Comment les humains et les autres animaux distinguent-ils l’odeur des fruits de mer en décomposition ou l’allure alléchante d’une banane mûre ? Une nouvelle recherche de l’Université de New York Langone Health et de leurs collègues utilise des odeurs créées artificiellement pour aider à révéler la chaîne complexe d’événements qui permettent de distinguer une odeur d’une autre. Les résultats ont été publiés aujourd’hui dans Science.

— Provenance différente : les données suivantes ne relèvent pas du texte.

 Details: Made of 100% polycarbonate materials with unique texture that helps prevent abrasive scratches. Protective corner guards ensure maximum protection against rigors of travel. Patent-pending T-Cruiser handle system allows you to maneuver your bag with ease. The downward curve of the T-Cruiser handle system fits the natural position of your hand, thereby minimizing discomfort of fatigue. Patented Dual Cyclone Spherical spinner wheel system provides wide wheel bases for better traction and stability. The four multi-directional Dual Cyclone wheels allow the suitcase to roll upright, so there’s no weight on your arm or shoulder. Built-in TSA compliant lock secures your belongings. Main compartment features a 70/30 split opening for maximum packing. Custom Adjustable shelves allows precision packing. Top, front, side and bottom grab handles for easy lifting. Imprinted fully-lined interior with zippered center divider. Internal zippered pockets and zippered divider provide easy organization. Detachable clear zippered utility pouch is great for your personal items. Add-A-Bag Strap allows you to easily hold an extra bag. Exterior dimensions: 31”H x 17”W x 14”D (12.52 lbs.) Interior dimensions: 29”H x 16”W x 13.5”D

Dans les recoins profonds du nez se trouvent des millions de neurones sensoriels qui, avec nos yeux et nos oreilles, aident à conjurer le monde qui nous entoure. Lorsqu’ils sont stimulés par un produit chimique ayant une odeur, ou un odorant, ils envoient des impulsions nerveuses à des milliers de grappes de neurones dans les glomérules, qui constituent le bulbe olfactif, le centre de l’odorat du cerveau. Différents schémas d’activation des glomérules sont connus pour générer la sensation d’odeurs spécifiques. L’allumage d’un ensemble de glomérules suscite la perception des ananas ; l’allumage d’un autre évoque les cornichons.

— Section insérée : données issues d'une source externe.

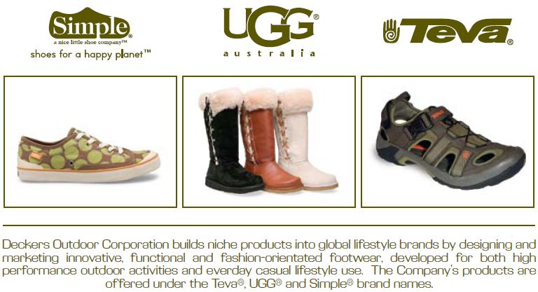 The Company builds niche products into global lifestyle brands by designing and marketing innovative, functional and fashion-oriented footwear, developed for both high performance outdoor activities and everyday casual lifestyle use. Currently, the Company offers three primary product lines under the following recognized brand names: Teva® - high-performance sports sandals, thongs, amphibious footwear, trail running shoes and rugged closed-toe outdoor footwear; Simple® - innovative casual lifestyle shoes that combine the comfort elements of athletic footwear with casual styling; and UGG® - authentic sheepskin boots, slippers, slides and other casual footwear. Teva, Simple and UGG are registered trademarks of the Company and its subsidiaries. All of the Company's footwear shares the common feature of high quality with a primary focus on functionality and comfort. The Company offers its products through domestic retailers, international distributors and through its websites, catalogs and retail outlet stores. The Company was founded by Douglas B. Otto in 1973 and is headquartered in Goleta, California and also operates in China, Macau and the United Kingdom.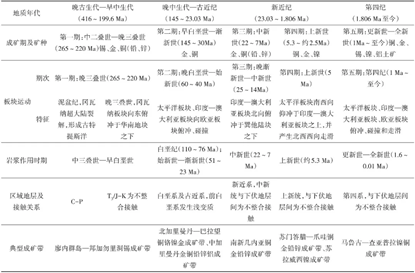表7 印度尼西亚主要成矿期次与构造运动、岩浆作用关系一览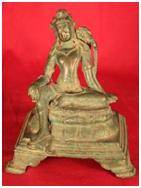 | Description / विवरण | The image is seated in Lalitasana posture on lotus pedestal. His right hand in varada-mudra rest on his right knee and his left hand hold a full-blown lotus which rest on his seat. He decked with a short ornamental crown, neckless, two strings, upavita, and armlet. His hair is arranged in Jatamukuta style. |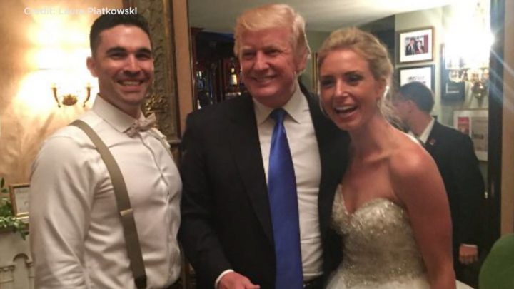 The couple, Kristen Piatkowski and Tucker Gladhill, seemed more than happy to share their spotlight with the president, who walked in following an all-clear from Secret Service. The reception was being held at Trump National Golf Club, according to CNN.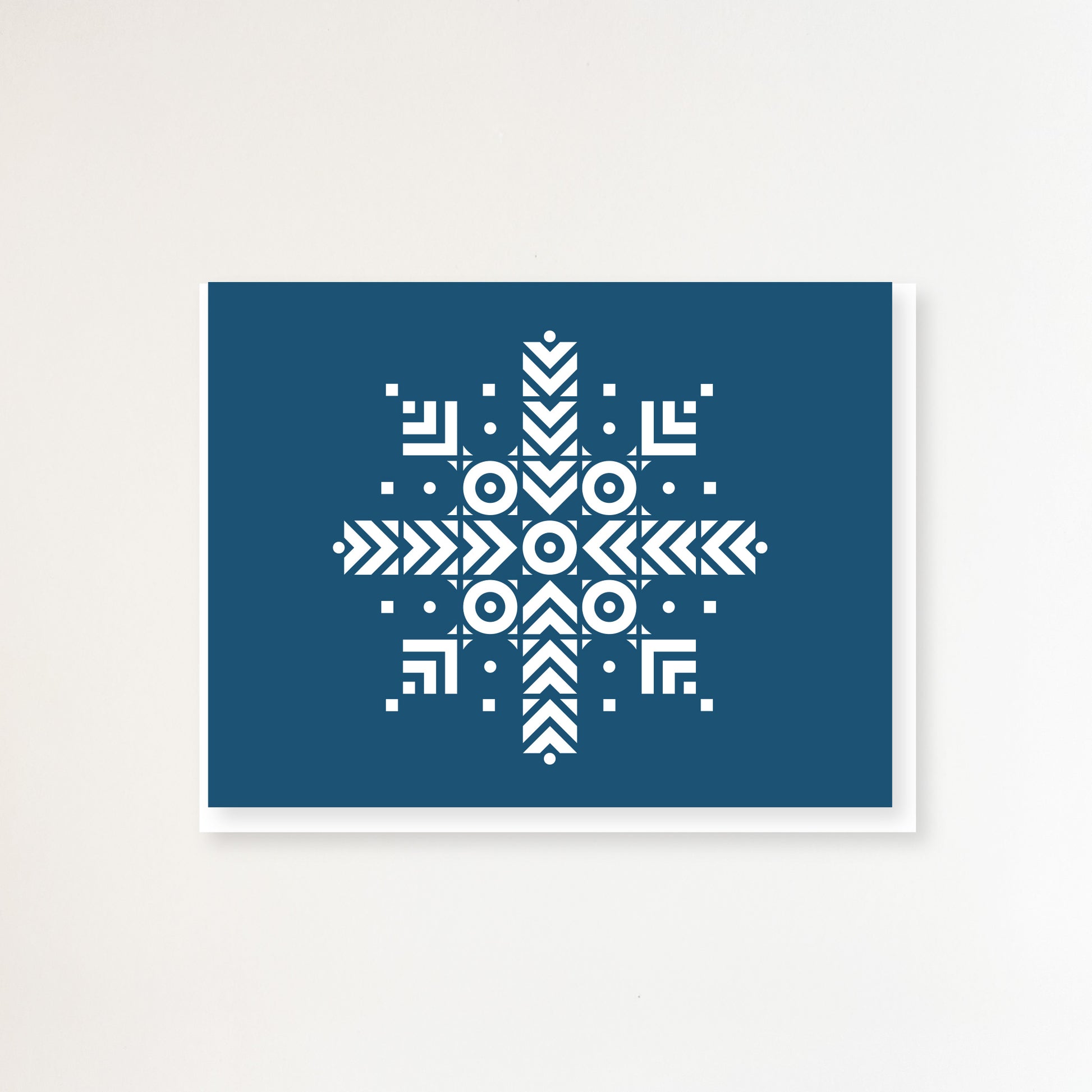 Created in celebration of the holiday season, this unique snowflake greeting card design was hand-printed by Robert Brochu. The card is blank on the inside and comes with an A2 envelope for mailing.

Contrairement à d’autres sensations, comme la vue et l’ouïe, les scientifiques ne savent pas quelles qualités d’une odeur particulière sont utilisées par le cerveau pour la percevoir. Lorsque vous voyez le visage d’une personne, vous pouvez vous souvenir des yeux, ce qui vous aide à reconnaître cet individu à l’avenir. Mais les oreilles et le nez pourraient être moins importants dans la façon dont le cerveau se représente cette personne. Les auteurs de la nouvelle étude ont cherché à identifier les caractéristiques distinctives impliquées dans la formation de la représentation des odeurs dans le cerveau.

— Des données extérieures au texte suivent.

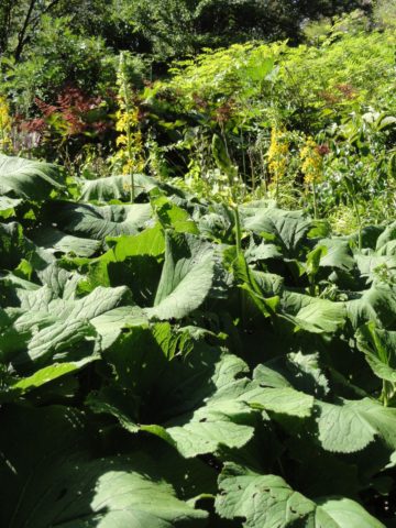 - Grundblätter bis 30-40 cm Länge und 35 cm Breite, herzförmig, Kanten mit scharfen Zähnen, charakteristische Elastizität und Glanz;
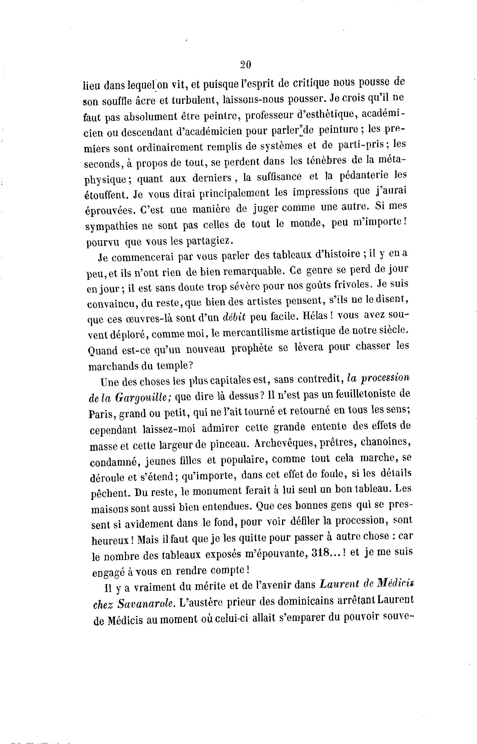 20 lieu dans lequel on vit, et puisque l'esprit de critique nous pousse de son souffle acre et turbulent, laissons-nous pousser. Je crois qu'il ne faut pas absolument être peintre, professeur d'esthétique, académi- cien ou descendant d'académicien pour parler'de peinture ; les pre- miers sont ordinairement remplis de systèmes et de parti-pris ; les seconds, à propos de tout, se perdent dans les ténèbres de la méta- physique ; quant aux derniers, la suffisance et la pédanterie les étouffent. Je vous dirai principalement les impressions que j'aurai éprouvées. C'est une manière de juger comme une autre. Si mes sympathies ne sont pas celles de tout le monde, peu m'importe! pourvu que vous les partagiez. Je commencerai par vous parler des tableaux d'histoire ; il y en a peu, et ils n'ont rien de bien remarquable. Ce genre se perd de jour en jour; il est sans doute trop sévère pour nos goûts frivoles. Je suis convaincu, du reste, que bien des artistes pensent, s'ils ne le disent, que ces œuvres-là sont d'un débit peu facile. Hélas ! vous avez sou- vent déploré, comme moi, le mercantilisme artistique de notre siècle. Quand est-ce qu'un nouveau prophète se lèvera pour chasser les marchands du temple? Une des choses les plus capitales est, sans contredit, la procession de la Gargouille; que dire là dessus? Il n'est pas un feuilletoniste de Paris, grand ou petit, qui ne l'ait tourné et retourné en tous les sens; cependant laissez-moi admirer cette grande entente des effets de masse et cette largeur de pinceau. Archevêques, prêtres, chanoines, condamné, jeunes filles et populaire, comme tout cela marche, se déroule et s'étend; qu'importe, dans cet effet de foule, si les détails pèchent. Du reste, le monument ferait à lui seul un bon tableau. Les maisons sont aussi bien entendues. Que ces bonnes gens qui se pres- sent si avidement dans le fond, pour voir défiler la procession, sont heureux ! Mais il faut que je les quitte pour passer à autre chose : car le nombre des tableaux exposés m'épouvante, 318...! et je me suis engagé à vous en rendre compte ! Il y a vraiment du mérite et de l'avenir dans Laurent de Médicis chez Savanarole. L'austère prieur des dominicains arrêtant Laurent de Médicis au moment où celui-ci allait s'emparer du pouvoir souve-

Pour ce faire, ils ont utilisé une technique appelée optogénétique pour activer les glomérules chez les souris. L’optogénétique utilise la lumière pour stimuler des neurones spécifiques dans le cerveau. Et elle peut aider à déterminer la fonction de régions particulières du cerveau.
En activant certains schémas d’activité dans les glomérules, les chercheurs ont généré des « odeurs synthétiques » que les souris ont perçues comme réelles. Ils ont d’abord entraîné les rongeurs à reconnaître l’allumage de six glomérules spécifiques, les amenant à percevoir une odeur inconnue des chercheurs. Les souris recevaient une récompense en eau lorsqu’elles reconnaissaient la bonne odeur et recevaient de l’eau d’un bec verseur. Lorsque d’autres glomérules étaient activés – générant une odeur différente – il n’y avait pas de récompense.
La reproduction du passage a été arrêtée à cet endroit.